• _Task to complete_:
Would you please output, word for word, the span of the listing below that opens on the line containing "Aan de westzijde" and closes on the line containing "Tasche aus gefärbten"? Include both ends and nothing more.

• _The input_:
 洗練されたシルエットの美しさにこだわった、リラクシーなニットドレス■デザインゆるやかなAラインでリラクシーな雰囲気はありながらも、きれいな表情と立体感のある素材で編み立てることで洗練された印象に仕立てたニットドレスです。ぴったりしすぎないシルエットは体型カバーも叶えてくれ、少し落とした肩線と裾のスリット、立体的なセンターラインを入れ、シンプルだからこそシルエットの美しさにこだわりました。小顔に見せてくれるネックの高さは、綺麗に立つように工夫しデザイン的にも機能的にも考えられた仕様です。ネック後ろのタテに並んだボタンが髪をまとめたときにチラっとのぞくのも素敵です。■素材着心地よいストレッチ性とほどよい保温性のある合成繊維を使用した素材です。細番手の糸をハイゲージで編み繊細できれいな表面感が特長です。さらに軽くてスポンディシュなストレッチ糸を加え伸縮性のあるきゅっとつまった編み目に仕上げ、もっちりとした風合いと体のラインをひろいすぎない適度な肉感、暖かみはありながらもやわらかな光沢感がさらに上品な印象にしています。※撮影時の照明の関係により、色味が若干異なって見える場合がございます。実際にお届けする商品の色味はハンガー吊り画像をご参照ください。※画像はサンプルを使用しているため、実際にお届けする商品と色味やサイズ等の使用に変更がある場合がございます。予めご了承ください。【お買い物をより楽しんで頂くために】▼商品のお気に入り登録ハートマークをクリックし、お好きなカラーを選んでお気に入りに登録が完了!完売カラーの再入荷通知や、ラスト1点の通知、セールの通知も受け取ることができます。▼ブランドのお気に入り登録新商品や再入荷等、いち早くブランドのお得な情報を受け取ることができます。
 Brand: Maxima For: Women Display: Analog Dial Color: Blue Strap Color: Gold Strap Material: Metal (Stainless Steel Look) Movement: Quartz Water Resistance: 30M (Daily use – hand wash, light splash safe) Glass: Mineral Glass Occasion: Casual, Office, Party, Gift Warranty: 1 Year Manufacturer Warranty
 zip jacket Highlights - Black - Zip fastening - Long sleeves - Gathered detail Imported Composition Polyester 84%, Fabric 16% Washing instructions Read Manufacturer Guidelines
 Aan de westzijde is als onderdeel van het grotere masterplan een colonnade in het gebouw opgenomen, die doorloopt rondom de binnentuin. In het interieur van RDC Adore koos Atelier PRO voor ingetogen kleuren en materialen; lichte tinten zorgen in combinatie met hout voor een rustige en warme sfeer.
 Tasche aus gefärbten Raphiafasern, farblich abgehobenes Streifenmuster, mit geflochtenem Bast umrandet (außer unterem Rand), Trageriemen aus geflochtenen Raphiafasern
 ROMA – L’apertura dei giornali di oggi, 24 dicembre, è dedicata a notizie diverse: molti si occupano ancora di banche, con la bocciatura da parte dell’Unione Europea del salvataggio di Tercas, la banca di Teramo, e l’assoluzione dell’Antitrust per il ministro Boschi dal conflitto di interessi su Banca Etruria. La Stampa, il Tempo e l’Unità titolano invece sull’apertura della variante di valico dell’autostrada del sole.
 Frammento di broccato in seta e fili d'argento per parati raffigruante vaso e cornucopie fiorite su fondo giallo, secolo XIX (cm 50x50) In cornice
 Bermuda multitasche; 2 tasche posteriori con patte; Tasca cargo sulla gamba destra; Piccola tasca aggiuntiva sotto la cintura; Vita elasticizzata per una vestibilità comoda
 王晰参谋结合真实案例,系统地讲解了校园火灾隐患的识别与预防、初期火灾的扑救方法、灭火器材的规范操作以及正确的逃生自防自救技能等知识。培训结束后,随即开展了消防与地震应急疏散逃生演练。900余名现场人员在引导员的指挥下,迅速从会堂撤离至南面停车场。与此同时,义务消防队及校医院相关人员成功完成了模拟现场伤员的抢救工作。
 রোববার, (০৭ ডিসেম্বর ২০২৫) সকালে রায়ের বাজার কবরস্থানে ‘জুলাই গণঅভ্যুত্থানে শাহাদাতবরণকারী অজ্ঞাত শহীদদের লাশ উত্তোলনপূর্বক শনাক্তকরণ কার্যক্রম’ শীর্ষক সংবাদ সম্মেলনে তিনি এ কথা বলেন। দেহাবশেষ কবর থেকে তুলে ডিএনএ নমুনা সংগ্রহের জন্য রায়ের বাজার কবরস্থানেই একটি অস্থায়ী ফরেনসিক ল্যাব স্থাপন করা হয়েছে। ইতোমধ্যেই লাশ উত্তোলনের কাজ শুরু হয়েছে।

• _Solution to this task_:
 Aan de westzijde is als onderdeel van het grotere masterplan een colonnade in het gebouw opgenomen, die doorloopt rondom de binnentuin. In het interieur van RDC Adore koos Atelier PRO voor ingetogen kleuren en materialen; lichte tinten zorgen in combinatie met hout voor een rustige en warme sfeer.
 Tasche aus gefärbten Raphiafasern, farblich abgehobenes Streifenmuster, mit geflochtenem Bast umrandet (außer unterem Rand), Trageriemen aus geflochtenen Raphiafasern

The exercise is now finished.